CLI Reference
vectorize
Run CLIP + LLaVA captioning on video chunks for semantic search.
How It Works
- Resolves scope → finds all videos
- Reads each video's HLS playlist → collects 2s chunk references
- Sends each chunk to the vectorize service (GPU server)
- Vectorize service extracts a frame, runs CLIP embedding + LLaVA captioning
- Results are stored in Qdrant for semantic search
Usage
dreamlake vectorize --episode space[@namespace][:episode]
dreamlake vectorize --collection <name> --project space[@namespace]
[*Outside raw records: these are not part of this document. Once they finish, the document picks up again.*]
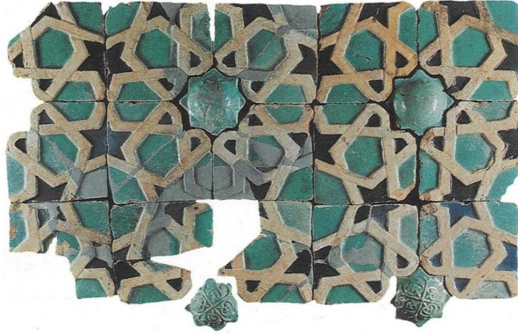
Figure 11. Example of the faux mosaic technique. Tile decoration of Bursa Green Mosque.

In addition to these techniques, the faux mosaic technique (glaze engraving) was used during the Seljuk period. This technique entails engraving a glazed tile to reveal the underlying clay. The engraving is done according to a pattern, thus creating a mosaic effect (see Figure 11). Examples of this technique can be seen in the Malatya Grand Mosque and the Sahipata tomb in Konya.
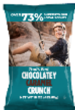
$30 Chocolatey Caramel Crunch
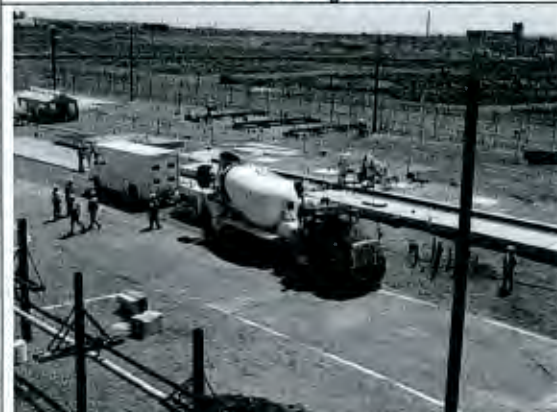
5/17/07 – Adding CDF to Cell D6 Floor
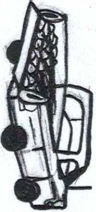
1/4 cord of wood
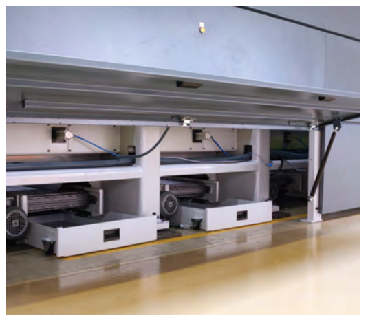
Hardware and slag conveyor
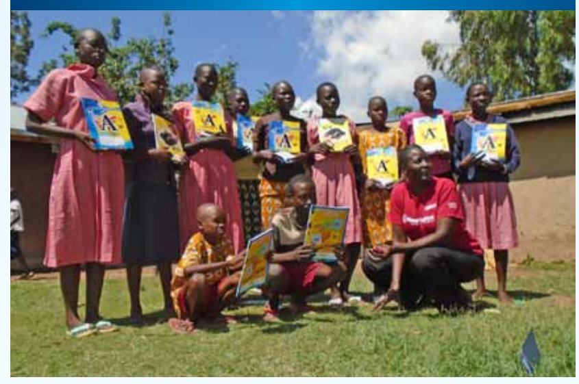
The mango tree orphan support trust (Kenya)

t is common place in the African society to extend a helping hand to support members of the extended family. This is particularly so when both parents die and leave young children to fend for themselves. But the traditional strength is collapsing across the continent as too many children are left orphans following the death of both their parents due to the dreaded HIV/AIDS scourge. The result is that whole families are dragged too far below the poverty line. Severe malnutrition, preventable diseases and infant mortality rates increases. School attendance rates and performance take a nosedive.
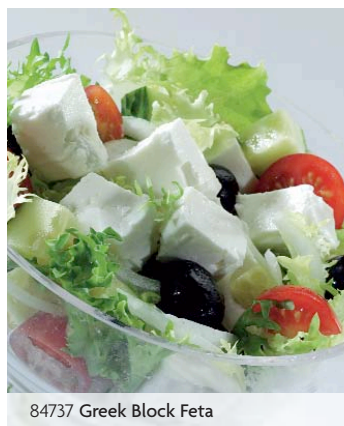
84737 Greek Block Feta
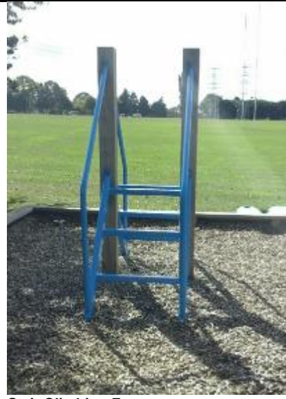
Stair Climbing Frame
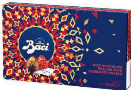
Milk Baci 12 pcs gift box 150g x 6 boxes P14506900
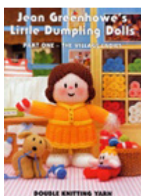
Little Dumpling Ladies
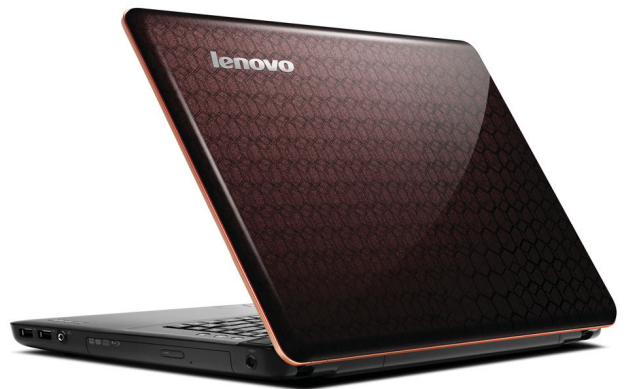
Lenovo IdeaPad Y550
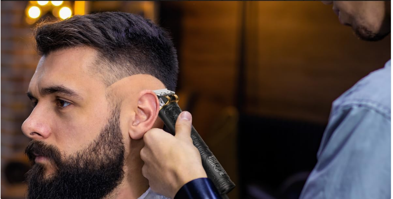
Image: A professional barber using the GLAKER hair clipper to style a client's hair, showcasing its ergonomic design and precision.

dreamlake vectorize --dataset <name> --project space[@namespace]Flags
| Flag | Type | Required | Description |
|---|---|---|---|
--episode | string | * | Target episode: space[@namespace][:episode] |
--collection | string | * | Collection name (requires --project) |
--dataset | string | * | Dataset name (requires --project) |
--project | string | No | Space target: space[@namespace] |
--zaku-url | string | No | Zaku task queue URL (enables distributed mode) |
* At least one scope is required.
Scoping
| Scope | What gets vectorized |
|---|---|
--episode | All videos in that episode |
--collection | All videos in all episodes belonging to the collection |
--dataset | All videos across all collections in the dataset |
--project only | All videos in the entire project |
Examples
# Vectorize a single episode
dreamlake vectorize --episode robotics@alice:run-042
# Vectorize all episodes in a collection
dreamlake vectorize --collection "front-camera" --project robotics@alice
# Vectorize an entire dataset
dreamlake vectorize --dataset "training-v1" --project robotics@alice
# Distributed mode via Zaku task queue
dreamlake vectorize --episode robotics@alice:run-042 --zaku-url http://localhost:9000Vector Storage
Vectors are stored in Qdrant (not MongoDB) with named vectors:
| Vector | Dim | Source |
|---|---|---|
image | 768 | CLIP ViT-L/14 frame embedding |
caption | 768 | CLIP ViT-L/14 embedding of LLaVA caption text |
Each point's payload contains:
{
"videoId": "abc123",
"episodeId": "ep456",
"episodeName": "run-042",
"projectId": "space789",
"chunkHash": "ff3a2b...",
"chunkIndex": 42,
"timeStart": 84.0,
"timeEnd": 86.0,
"caption": "A robot arm picks up a red cup from the table"
}Searching
After vectorizing, use the semantic search API:
GET /namespaces/:slug/projects/:projectSlug/semantic-search?q=robot+picks+up+cupOr with scope filters:
GET /namespaces/:slug/projects/:projectSlug/semantic-search?q=robot+picks+up+cup&episode=run-042
GET /namespaces/:slug/projects/:projectSlug/semantic-search?q=robot+picks+up+cup&collection=front-cameraResults include playUrl for direct 2s clip playback.
Performance
| Step | Time per chunk |
|---|---|
| Download chunk | ~1.3s |
| Frame extraction | ~0.1s |
| CLIP image embed | ~0.2s |
| LLaVA caption | ~13s |
| CLIP text embed | ~0.05s |
| Total | ~14.5s per chunk |
For a 1-hour video (~1,800 chunks at 2s each): ~7.2 hours with 1 worker. Scale with multiple Zaku workers.